Elle l'entretenait des arts, qu'elle chérissait et dont il avait le vif
sentiment; elle écoutait avec intérêt quelques douces et naïves poésies
dont le jeune homme s'inspirait auprès d'elle, ou bien elle lui parlait
des bienfaits d'une vie laborieuse et réglée, des charmes d'une amitié
chaste et sainte. Saint-Julien l'écoutait avec délices, et, à voir son
front serein, son regard maternel, il oubliait qu'une passion orageuse
ou fatale pût naître auprès d'une telle femme; il se persuadait être
arrivé au terme du plus beau voeu qu'une âme noble puisse faire; il
croyait avoir atteint pour toujours un bonheur sans mélange et sans
remords. Quelquefois, il est vrai, lorsqu'il se retrouvait seul au
sortir de ces douces causeries, sa tête s'enflammait, son coeur battait
précipitamment, son émotion devenait une souffrance vague; mais un
sentiment pieux succédait à ces agitations. Il remerciait Dieu de
l'avoir tiré d'une condition douloureuse pour le combler de telles
joies, il versait des larmes, il prononçait le nom de Quintilia et
l'associait au nom de Marie, la Vierge des cieux. Quand il avait soulagé
son coeur dans ces extases, il reprenait avec ardeur la tâche que sa
souveraine lui avait confiée, et se livrait par anticipation au plaisir
de mériter et d'obtenir ses éloges et ses remerciements.
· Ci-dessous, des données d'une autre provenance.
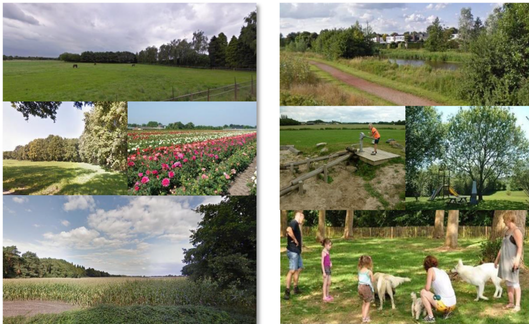
figuur 6. Referentie groenstructuur: agrarische functies in landschap (links) combineren met 'stedelijke' groenfuncties zoals waterberging, spelen en hondenuitlaat (rechts).

De ambitie is om in de groenstructuur verschillende functies onder te brengen: bijvoorbeeld bestaande bomen/cultuurhistorie, hemelwaterinfiltratie, speelplaatsen, paardenweide, moestuin, hondenuitlaatterrein, picknickplaatsen, boomgaard, een kleinschalig trimcircuit, etc. In het ontwerp worden karakteristieke landschappelijke en cultuurhistorische kenmerken (houtwallen, padenstructuur en bebouwing) mogelijk gehandhaafd en opgenomen.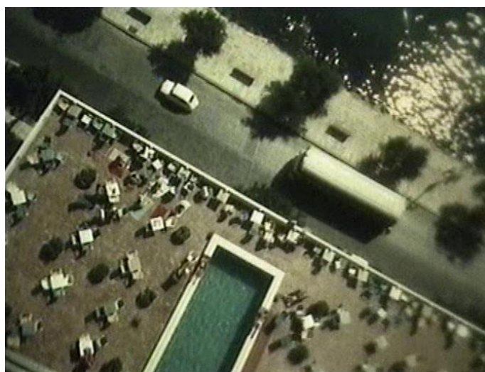
22. Sunčani Jadran

Ponekad se humor ostvaruje u iznimno kreativnoj međuigri između slike i govora. Niz takvih primjera uočili smo opisujući naratorovu upotrebu stilskih figura, a spomenimo još neke. U autoreferencijalnom primjeru u filmu Mala čuda velike prirode 1 , da bi duhovito opisao brzinu i neuhvatljivost ptice vodenkos, narator je nekoliko puta počne opisivati riječima „Ta ptica...“, ali svaki put zastane, jer vodenkos šmugne iz kadra. Duhoviti metafilmski primjer međuigre slike i govora jest naratorovo referiranje na povijest filma u kozerijskom filmu Sunčani Jadran . Naime, opisujući jadranske hotele, narator uz slikovni prikaz jednog hotela klasičnog arhitektonskog izgleda kaže: „Ovako se sviđalo Habsburgovcima“, da bi nakon toga napravio izrazitu digresiju, tipičnu za stilsku slobodu kozerijskih filmova, i uz kadar snimljen iz oštre ptičje perspektive s vrha visokog hotela Marjan u Splitu izrekao: „A ovo bi se sviđjelo Hitchcocku“, referirajući se time na poznate kadrove iz oštre ptičje perspektive u Hitchcockovim filmovima Sjever-sjeverozapad ( North by Northwest , 1959, SAD) i Vrtoglavica ( Vertigo , 1958, SAD) (fotografija 22).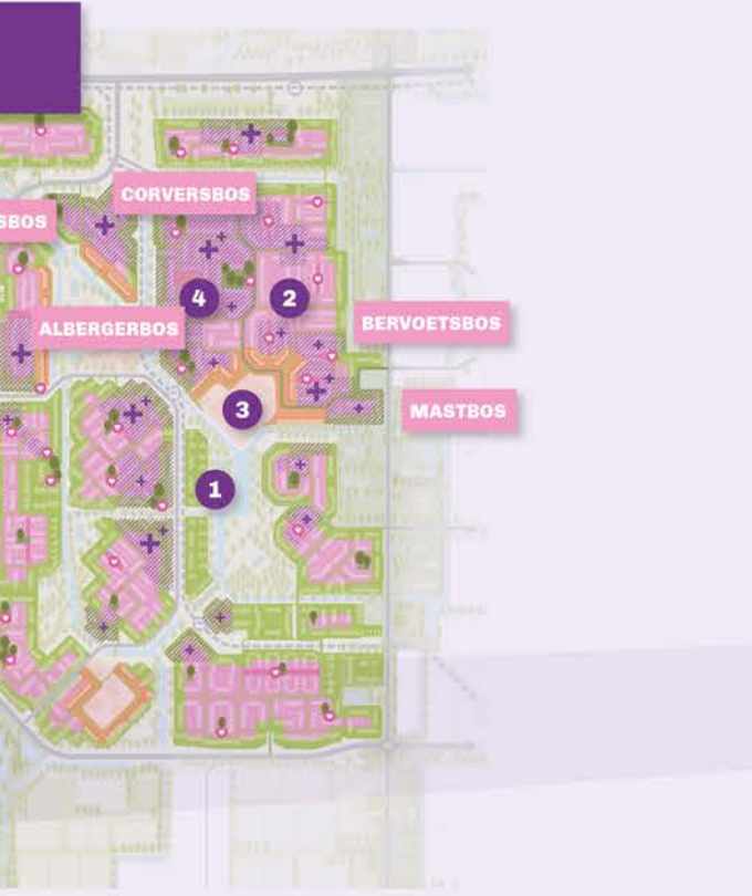
Diverse buurten en wijken 1. ... Groen stedelijk wonen langs groene en gezonde corridors. 2. ... Compact buurtsaam wonen in de buurten van de wijk 3. ... Wonen nabij voorzieningen centraal in de wijk. 4. Corporatiebezit als kans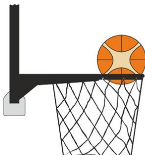
Figure 4 : Ballon à l'intérieur du panier

Il y a violation pour intervention illégale si un joueur défenseur touche le ballon quand il est à l'intérieur du panier.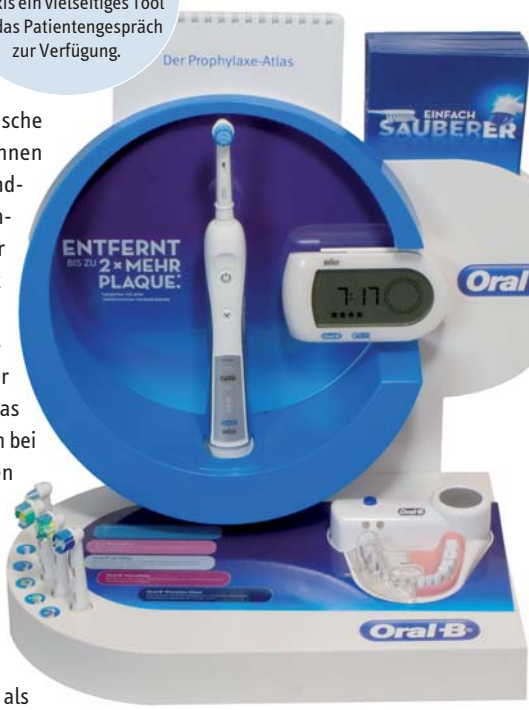
Abb. 3: Mit der Oral-B Beratungsstation steht der Praxis ein vielseitiges Tool für das Patientengespräch zur Verfügung.

sinnvoll, da dadurch Putzfehler vermieden werden könnten. An vorderster Stelle findet in diesem Zusammenhang die Andruckkontrolle Erwähnung, 70 Prozent der befragten Zahnärzte geben an, dass diese zu viel Druck vermeide und somit für eine schonendere Reinigung Sorge. Mit 68 Prozent nur knapp dahinter wird der Timer genannt – er vermeide eine zu kurze Putzzeit bzw. Reinigungsdauer. Auf einem guten dritten Platz landet der Quadrantentimer, ihm schreiben 62 Prozent der befragten Zahnärzte einen positiven Einfluss auf die Putzsystematik zu.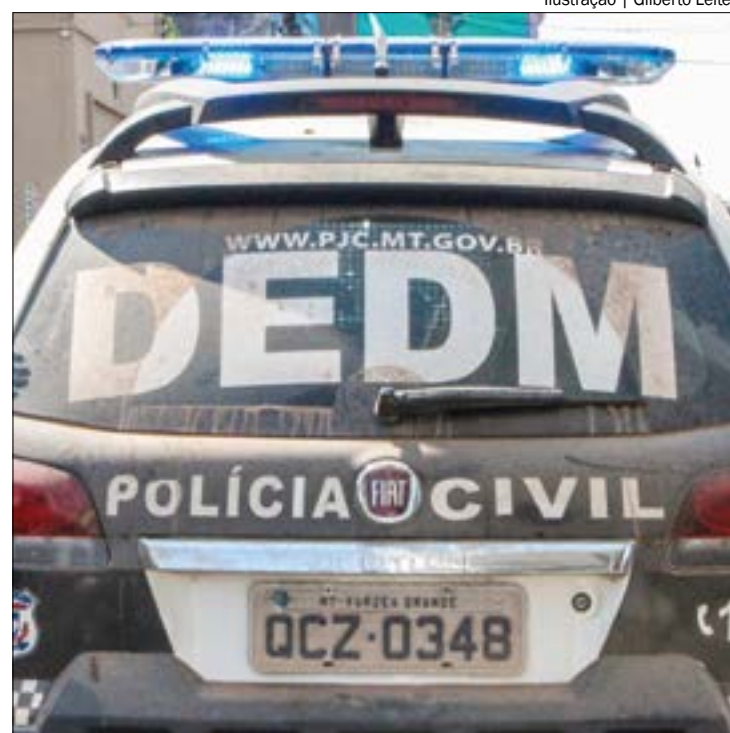
Ilustração | Gilberto Leite

Entièrement séparé de l'entourage extérieur de la princesse, il n'avait
de relations qu'avec Galeotto et la Ginetta. Son caractère timide et un
peu fier, ses occupations sérieuses et soutenues, et surtout le
sentiment de bien-être intérieur qui lui rendait tout épanchement
inutile, s'opposaient à toute communication entre lui et le reste des
hommes. Il vécut donc dans un tel isolement de tout ce qui n'était pas
Quintilia, qu'il savait à peine les noms des personnes qu'il rencontrait
dans l'intérieur du palais. Et pourtant une passion, réelle, dévorante,
à jamais tenace, s'allumait en lui à son insu, à l'ombre de cette
confiance dangereuse. L'imagination de ce jeune homme était si pure, il
avait si peu connu l'amour, qu'il ne croyait pas à ses tourments et les
éprouvait sans les reconnaître.
Six mois s'étaient écoulés ainsi. Un soir, le travail se trouva terminé.
La princesse avait été tout ce jour-là plus grave et plus réfléchie que
de coutume. Elle traça de sa main une dernière page à la fin du registre
que Julien venait de lui présenter. Pendant qu'elle l'écrivait, Ginetta,
qui s'était introduite sans bruit dans l'appartement, attendait avec une
sorte d'anxiété qu'elle eût fini; son oeil noir et mobile interrogeait
impatiemment tantôt la porte où Julien aperçut un pan du manteau de
Galeotto, tantôt le front assombri et le sourcil plissé de la princesse.
Enfin, la princesse posa sa plume d'un air distrait, cacha sa tête dans
ses mains, reprit la plume, joua un instant avec une tresse de ses
cheveux qui s'était détachée, puis tressaillit, traça précipitamment
quelques chiffres, signa le registre, le ferma et le poussa loin d'elle.
Puis, tenant toujours sa plume, elle se leva, se tourna vers Ginetta et
la planta dans une grosse touffe de ses cheveux noirs. La soubrette fit
un cri de joie. «Est-ce enfin terminé, Madame? s'écria-t-elle; votre
belle main va-t-elle quitter la plume et reprendre le sceptre et
l'éventail? Sommes-nous arrivés au bout de ce pâle carême? le plaisir
va-t-il briser la pierre du cercueil où vous l'avez enseveli? me
permettrez-vous de jeter au vent cette vilaine plume que vous venez de
mettre dans mes cheveux, et qui me semble peser comme du plomb?